Symantec Enterprise Software Has a Big Security Hole
May 30, 2006 Timothy Prickett Morgan
We don’t normally worry too much about what is going on with the security of Windows desktops–well, at least not editorially in this newsletter. But as users of Windows desktops and laptops, as most of you are, we get a little concerned about security holes and the potential havoc they can wreak in the data center and on the desktops.
With that in mind, we just wanted you to be aware that Symantec has issued a statement that there is a stack overflow vulnerability in its Symantec Client Security 3.1 and Symantec AntiVirus Corporate Edition 10.1 software. The vulnerability is such that it can allow someone local or remote to potentially take over the machine and execute code on your machine.

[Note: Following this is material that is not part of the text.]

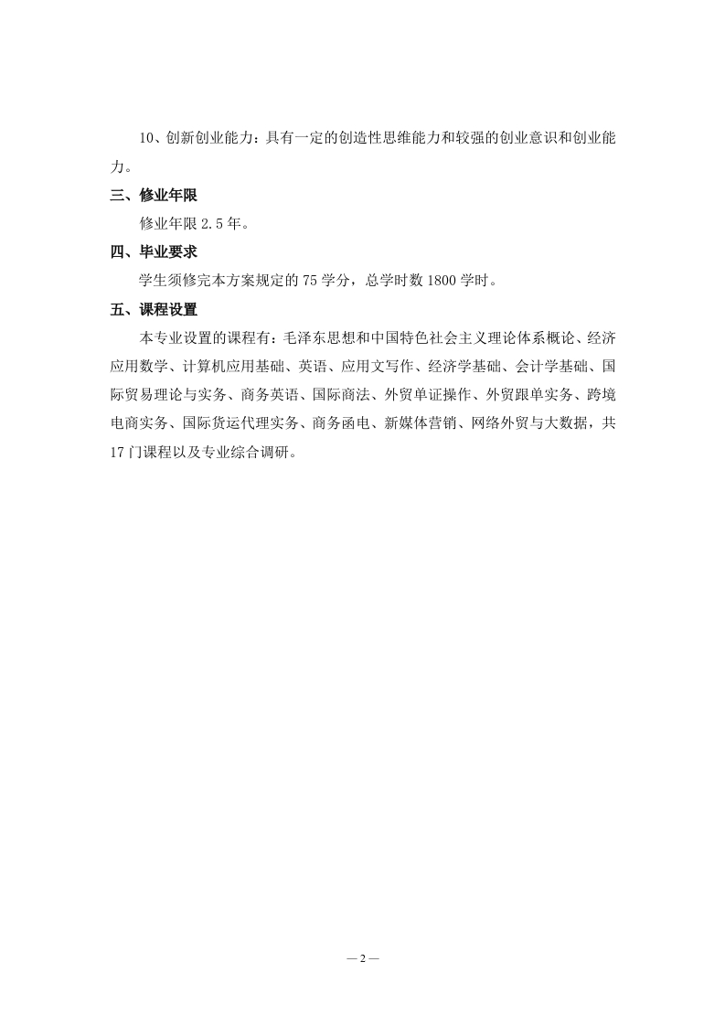 宁波职业技术学院成人高等教育2021级国际经济与贸易专业人才培养方案(函授,专科)一、培养目标本专业主要培养思想政治坚定,德智体劳全面发展,具有良好职业素养、创新意识和专业技能,适应区域经济和产业发展,从事外贸业务、外贸跟单、外贸单证、跨境电商、国际货代、涉外服务贸易等岗位的高素质高技能型人才。二、培养要求国际经济与贸易专业主要学习国际贸易基础理论知识,同时开展进出口业务、跨境电商、国际货代、报关报检、会展策划、国际营销等项目的教学实践,培养从事外贸进出口、跨境电商、国际船货代、国际商务代理等岗位群的高素质技术技能型人才、高水平外贸精英人才、创业创新型国际贸易人才。毕业生应获得以下几个方面的知识和能力:1、语言文化知识:具有较扎实的语言基础知识和中西方文化背景知识。2、商务专业知识:具有从事国际商务所必须的基础知识和业务操作常识。3、工具性知识:具有计算机、网络等信息技术应用知识和文献检索知识。4、创新创业知识:具有对创新创业背景知识的了解和相关行业的基础知识。5、语言交际能力:具有较强的跨文化交际能力,能流利地、正确使用两种语言开展国际商务活动。6、知识获取能力:具有较强的自主学习能力和较强的观察、分析判断及信息处理能力。7、知识应用能力:具有良好的综合运用语言及商务知识解决实际问题的能力,以及管理和组织协调能力。8、商务社交能力:具有在商务场合中较强的人际沟通能力和协调能力。9、平台应用和操作能力:具有专业外贸平台、跨境电商平台的操作和运营能力。

The hole does not require a hacker to authenticate on your machine or for you to do anything at all, so it is a good thing that there is not an exploit available for this security hole. Basically, the antivirus portion of the program is an open door right now as I write this. Apparently, the low-end desktop products do not have this vulnerability, which is a bit peculiar.

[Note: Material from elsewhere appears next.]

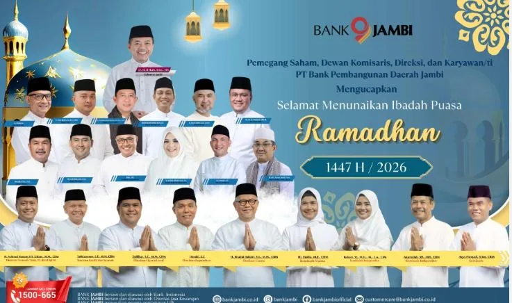 JAMBI, BITNews.id – Jajaran komisaris, direksi, dan seluruh pegawai Bank Jambi menyampaikan ucapan selamat menunaikan ibadah puasa Ramadan kepada nasabah dan masyarakat Provinsi Jambi. Manajemen memastikan layanan operasional tetap berjalan selama bulan suci dengan mengedepankan keamanan dan tata kelola yang baik.

eEye Security, a security software firm that sells complimentary products for managing network security, put out a statement on May 24 saying it had discovered the vulnerability. On May 25, Symantec’s software engineers verified that this vulnerability exists and released a statement itself. Symantec has released intrusion detection system (IDS) signatures to help security officers detect when this vulnerability is being exploited, and further advises everyone to be careful opening attachments and surfing the Web, since code can just run if it sniffs you out. Symantec is working on a patch for this hole. The tricky bit is that as soon as a patch is released, hackers will be able to craft an exploit instantly. So keep your Symantec software up to date.